Creative team quit Dutch National Opera
OperaWe hear that the leading choreographer-director Wayne McGregor has left the upcoming productions of Stravinsky’s Oedipus Rex and Samy Moussa’s Antigone. Also leaving are designer Vicki Mortimer and the actor Ben Whishaw, who was supposed to be the Speaker.
The Dutch are being economical with the facts:
We hereby inform you as a visitor about a change in the production, with the original title Jocasta’s Line. Because director and choreographer Wayne McGregor had to withdraw from the production due to private circumstances, we regret that it is not possible to bring his vision of this diptych to our stage. However, we are pleased and grateful that we have been able to put together a new artistic team at such short notice, allowing both works – Stravinsky’s Oedipus Rex and Samy Moussa’s Antigone – to have their (world) premiere.
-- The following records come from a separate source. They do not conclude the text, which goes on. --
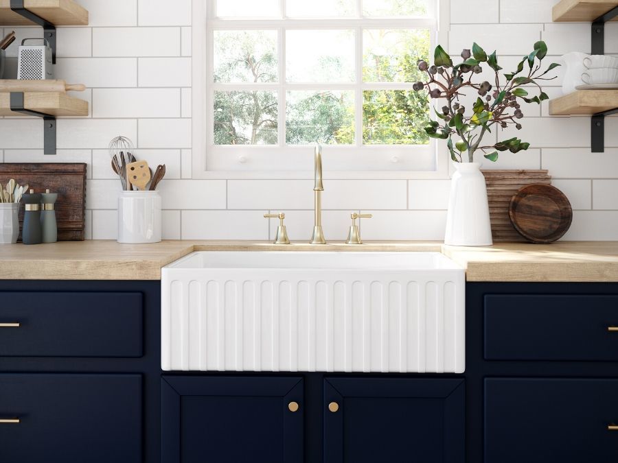 If classic design is more your style, the reversible farmhouse fireclay Harper sink features ribbed detailing on one side and a flat surface of the other, letting you choose the look that fits your home. Ideal for those seeking a true Hamptons aesthetic.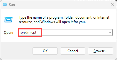 - Press Win + R to open the Run box. Type or paste sysdm.cpl, then hit Enter. This will open the System Properties window.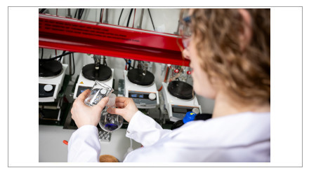 BU: Um erstmalig komplett biobasiertes PBS zu erhalten, braucht es eine Spezialchemikalie. Die Forschenden arbeiten an einer neuartigen Technologie. Foto: Universität Oldenburg/ Matthias Knust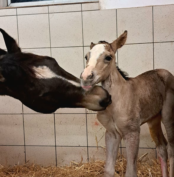 GOTTA LOPIN LUCINDA, born January 26, 2026, Buckskin Our "Liz Gotta Gun" (Lisbeth) and our "Blackberry" have created an incredibly sweet filly – a pairing that simply couldn’t be more fitting. Lucinda has inherited all the positive traits from her parents: correct conformation and movement, lots of charm and presence, and great potential in movement. She is sure to become a reliable riding partner, just like her parents, making her an excellent choice for a horse-loving family to enjoy. She will also be a good riding horse for Reining and Ranch Horse classes, such as Ranch Riding, Ranch Trail, Ranch Rail, and can also excel as an all-rounder. Her pedigree supports this, featuring many high-quality sires and legendary names in Quarter Horse breeding, such as Hollywood Dun It, Grays Starlight, Smart Little Lena, Continental King, and King P-234. Her AQHA papers are available online and will be sent to us shortly. She will be microchipped soon, and the DQHA equine passport including breeding certificate will be applied for. Both parents have undergone 5-panel testing and IMM/MYH1 testing. Like all our foals, she is raised with peers and other horses in a herd and is handled by knowledgeable caretakers. Regular deworming and hoof care appointments are standard practice here. In case of sale, she will be insured for life, including a veterinary health certificate. Costs and risks remain with us until she is handed over, which will be after she completes her sixth month. Upon request and at the buyer’s expense, she can be entered into the NRHA Futurity and NSBA programs (possible from this year), as well as the EWU Young Horse Program. Her parents and several half-siblings can be visited at our farm. The last photos show her parents. Phone: 0170/4443194 Many pictures and more information are available at www.goetz-quarterhorse.de

The new production, entitled Oedipus Rex / Antigone, will be led by both the Dutch director Mart van Berckel (who created the controversial Ändere die Welt! during the Opera Forward Festival 2023) and the Dutch choreographer and director Nanine Linning, director of Scapino Ballet Rotterdam. Together they will merge the worlds of classical tragedy and contemporary music in a unique theatrical experience. The cast of singers and musicians remains unchanged: you can still enjoy international stars who share the stage with our impressive men’s and women’s choir. The involvement of the dancers of Dutch National Ballet will be more limited than originally planned.
Sexual harassment or hope to get some audience?
The difficulty nowadays is indeed, that it has become very difficult to find-out what is what.
The reason that some type of ballet productions try to become more and more ‘sensational’ is that there is still the modernist idea lingering that any new production of whatever kind, has to ‘break boundaries’, has to ‘transcend limitations’, as if to reach the ultimate freedom of expression. This stems from the completely outdated idea that the arts have been strangled by rules, suffocating conventions, lack of invention etc. etc. and that only in rejecting anything from something that was created in the past can offer some exciting stimulation. And this is the immature idea that achievement is always the result of freedom from limitations, while in reality ANY art in ANY period or culture, if it is good, is the result of handling limitations in such a way that they are transcended. Think, for instance, of the icon of individualistic, groundbreaking freedom in classical music: Mr van Beethoven. He took an existing tradition, filled to the brim with rules, but he took them all on, and bended them to his own very personal interpretation, bringing them on another scale, another level, but still as tightly organised as anything of great music that was written before him.
and this is supposed to make you want to go? “. . . who created the controversial Ändere die Welt! . . .”
Do the General Directors and Artistic Managers of these European houses and festivals go to the public and ask if they want to spend their entire opera going experiences in Konzept productions? I frankly want to music, story and the singers to star in any opera I go to hear and see and not some producer, their set builder and costume designer trying to take over the show. Here we see the prima donnas are the production team and not the singers.